■ RECORDS TO USE
# # #

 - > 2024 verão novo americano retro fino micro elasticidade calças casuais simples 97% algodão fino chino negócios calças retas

# # #

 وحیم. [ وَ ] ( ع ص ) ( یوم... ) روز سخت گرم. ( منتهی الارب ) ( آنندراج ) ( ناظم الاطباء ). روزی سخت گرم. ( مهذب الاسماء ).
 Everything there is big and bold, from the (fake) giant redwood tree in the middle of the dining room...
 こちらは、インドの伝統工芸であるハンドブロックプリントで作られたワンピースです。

# # #

■ EXERCISE AIM
In the listing above, find the line holding "وحیم. [ وَ ]" and the line holding "こちらは、インドの伝統工芸で", then output those two lines and every line between them exactly.

■ REPLY TO THE TASK
 وحیم. [ وَ ] ( ع ص ) ( یوم... ) روز سخت گرم. ( منتهی الارب ) ( آنندراج ) ( ناظم الاطباء ). روزی سخت گرم. ( مهذب الاسماء ).
 Everything there is big and bold, from the (fake) giant redwood tree in the middle of the dining room...
 こちらは、インドの伝統工芸であるハンドブロックプリントで作られたワンピースです。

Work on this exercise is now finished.